Last weekend, I had the privilege of attending my niece’s wedding. It was a delightful event held near the beach in San Juan Capistrano, California. I was pleased not only to be part of my niece’s special day and meet my new nephew, but to spend time with my brothers and their families as well. On the way back to New Mexico, we decided to make a side trip to see the 200-inch Hale telescope on Mt. Palomar.
It’s rare for me to visit observatories during my vacation time from Kitt Peak National Observatory. Much as I like astronomy, the whole point is to get away from the day-to-day routine just like anyone in any other job. However, Palomar is a special place. When it was built in 1948, it was the largest reflecting telescope ever built and it held that record up until 1976. Because it was built in 1948, the Hale looks very much like a battleship. In its ArtDeco dome, the telescope seems like something that belongs in a steampunk or dieselpunk story.
Although built in 1948, the Hale telescope is still active today. Among its achievements, it was used to determine an accurate distance to the Andromeda Galaxy. It identified the optical counterparts to the first quasars. Today, it is one of the few telescopes that has successfully imaged planets around other stars. William Fowler, using data from the Hale telescope is the man who figured out how stars synthesize heavier elements from lighter ones. Years later, after he won the Nobel Prize, I would enjoy a beer with Dr. Fowler at the Capital Bar in Socorro, New Mexico.
The Hale Telescope’s primary mirror is 200 inches in diameter, or just a little over 5 meters. The telescope is owned and operated by the California Institute of Technology, which means only CalTech astronomers or their collaborators get a chance to use the facility. The Kitt Peak 4-meter telescope was built with Federal funding to give all astronomers an equal chance at access to a similar telescope. So, the two observatories are definitely cousins of a sort. In fact, one of Fowler’s collaborators, Dr. Geoffry Burbidge, was Kitt Peak’s director from 1978 until 1984.

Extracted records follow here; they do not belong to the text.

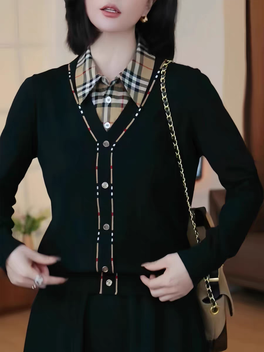 首页 > 女装批发-秋冬款 > 长袖连衣裙 > MY15779# 欧货时尚格纹翻领黑色毛衣针织开衫女秋冬新款复古高级显瘦上衣女裝貨源服裝批發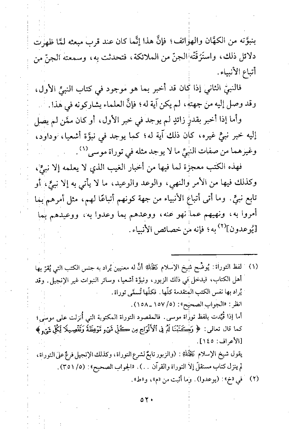 1 لفظ التوراة. يُوضّح شيخ الإسلام رحمه الله أنّ له معنيين يُراد به جنس الكتب التي يُقرّ بها أهل الكتاب، فيدخل في ذلك الزبور، ونبوّة أشعيا، وسائر النبوات غير الإنجيل. وقد يُراد بها نفس الكتب المتقدمة كلّها. فكلّها تُسمّى توراة. انظر الجواب الصحيح 5/157-158.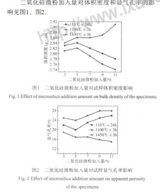 在110 ℃×24 h條件下烘干時(shí),當(dāng)二氧化硅微粉加 入量小于5%時(shí),由于二氧化硅微粉的顆粒小,分散性 好,可以填充顆粒與顆粒間的空隙[1],這使材料顆粒堆 積的致密度逐漸提高,氣孔率減少,體積密度逐漸增 加 (圖1);隨著二氧化硅微粉加入量的增加,材料中的氣孔率逐漸減少,材料致密度逐漸增加,體積密度 就逐漸增大;當(dāng)二氧化硅微粉加入量大于5%時(shí),隨著 二氧化硅微粉加入量的逐漸增多,二氧化硅微粉充填 空隙后出現(xiàn)過剩導(dǎo)致材料堆積致密度下降;同時(shí)大量 的二氧化硅微粉水化產(chǎn)物烘干后失去自由水和部分結(jié) 合水導(dǎo)致材料氣孔率逐漸增大 (圖2),從而使試樣的 體積密度逐漸減小。 在1 100 ℃×3 h條件下燒結(jié),試樣體積密度普遍小 于110 ℃×24 h樣品的體積密度 (圖1),而氣孔率普遍 高于1 10 ℃×24 h樣品的 (圖2)。因?yàn)樵? 100 ℃時(shí), 由于燒成溫度低,試樣達(dá)不到燒結(jié)溫度,材料內(nèi)部形 成的液相量少,不足以填充空隙以提高材料的致密度; 在此溫度下,試樣的主要變化是二氧化硅微粉水化產(chǎn) 物的完全脫水,二氧化硅微粉加入量越多,二氧化硅 微粉水化產(chǎn)物脫水引起氣孔率增加而導(dǎo)致體積密度減 小的影響就越強(qiáng),故隨著二氧化硅微粉加入量的增大, 試樣的體積密度呈減小的趨勢(shì);同時(shí)作為結(jié)合劑的二 氧化硅超微粉在升溫過程中發(fā)生晶型轉(zhuǎn)化,引起試樣 體積膨脹[2],體積密度變小。 在1 450 ℃×3 h條件下燒結(jié),試樣體積密度普遍增 大 (圖1)。隨二氧化硅微粉加入量的增加,試樣體積 密度逐漸增大,氣孔率逐漸降低 (圖2)。在1 450 ℃ 下,鎂質(zhì)澆注料中的MgO和SiO2生成鎂橄欖石[3],即: 2MgO+SiO2→2MgO·SiO2,這使材料燒結(jié),體積收縮, 結(jié)構(gòu)致密程度提高,體積密度增大。隨二氧化硅含量 的增加,2MgO·SiO2生成量逐漸增加,體積密度逐漸 增大,氣孔率逐漸降低。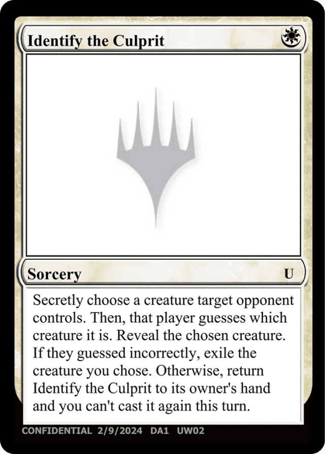 Secretly chose a creature target opponent controls. Then, that player guesses which creature it is. Reveal the chosen creature. If they guessed incorrectly, exile the creature you chose. Otherwise, return Identify the Culprit to its owner's hand and you can't cast it again this turn.
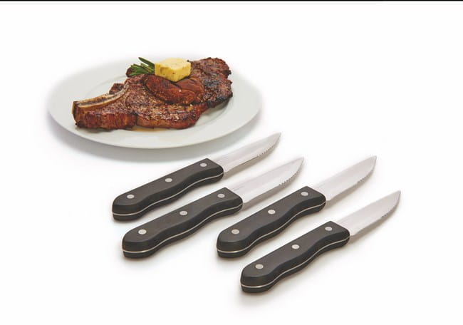 Noże do steków  Broil King, to zestaw czterech ostrych  noży z ząbkowanymi ostrzami, które z łatwością pokroją każdego steka przygotowanego na grillu. Ostrza  noży zostały wykonane ze stali szlachetnej co  zapewnia wysoką  ich trwałość, a bakelitowe ergonomiczne  trzonki  przystosowane do dłoni  ułatwiają proces krojenia.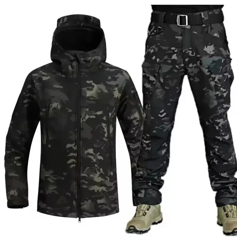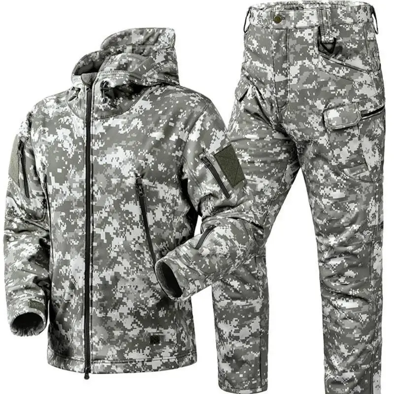 Winter Thicken Men Camo Suit Waterproof Tactical Training Set Multi-pocket Hooded Jacket Fleece Pants Outdoor Hunting 2-piece Autumn winter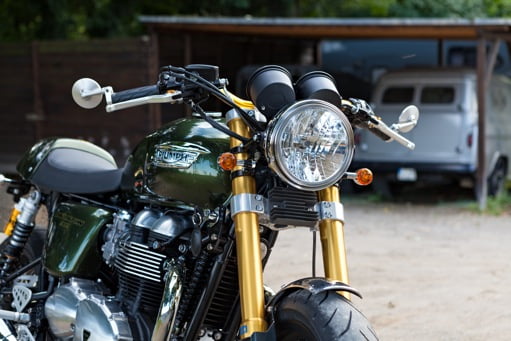 Hello, news from the TRIDAYS – our Mastermind Uli Brée has a new nice bike in his garage: Mr. Hudson – named by the butler of the series “upstairs, downstairs” is an ordinary bike for every day built by LSL with Öhlins-parts. Ordinary not really, it’s beautiful, the colour is breathtaking and when you drive it, it is just a pleasure. Pictures: by LSL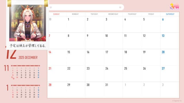キャラの性格を丁寧に再現されたカレンダーいいよね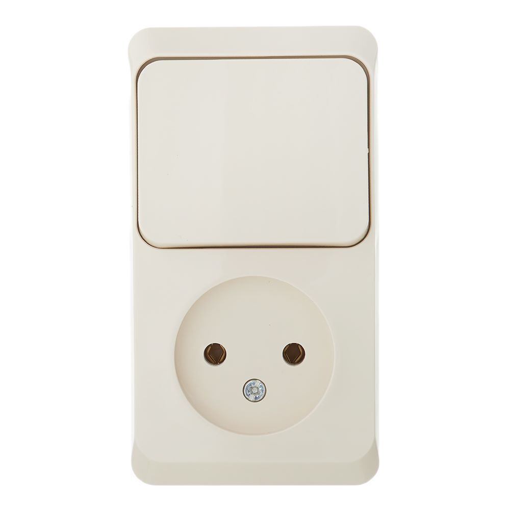 Блок выключатель и розетка Systeme Electric Этюд одноклавишный накладной кремовый (BPA16-204K)

I recently signed a contract for a new horror novel called The Astronomer’s Crypt. The observatory in the novel isn’t real, but rather an amalgam of observatories I know from around the Southwest. That said, it really struck me that Palomar has a lot in common with my fictional Carson Peak Observatory. Like most observatories, they’re in remote locations. There are small towns nearby, down the long, winding road away from the observatory. There are even nearby Indian casinos, like the novel’s Sacred Portals Casino! What’s more, the primary telescope in The Astronomer’s Crypt is a 5-meter, just a smidge smaller than the Palomar 200-inch! Also, like Palomar, the mountain has few telescopes. The Hale only shares the mountaintop with two other active telescopes. The 5-meter in The Astronomer’s Crypt only shares its mountain with one other telescope.
Also, as far as I know, there are no bodies buried in or near the Hale 200-telescope, but it does have a cool stairway worthy of good horror movie!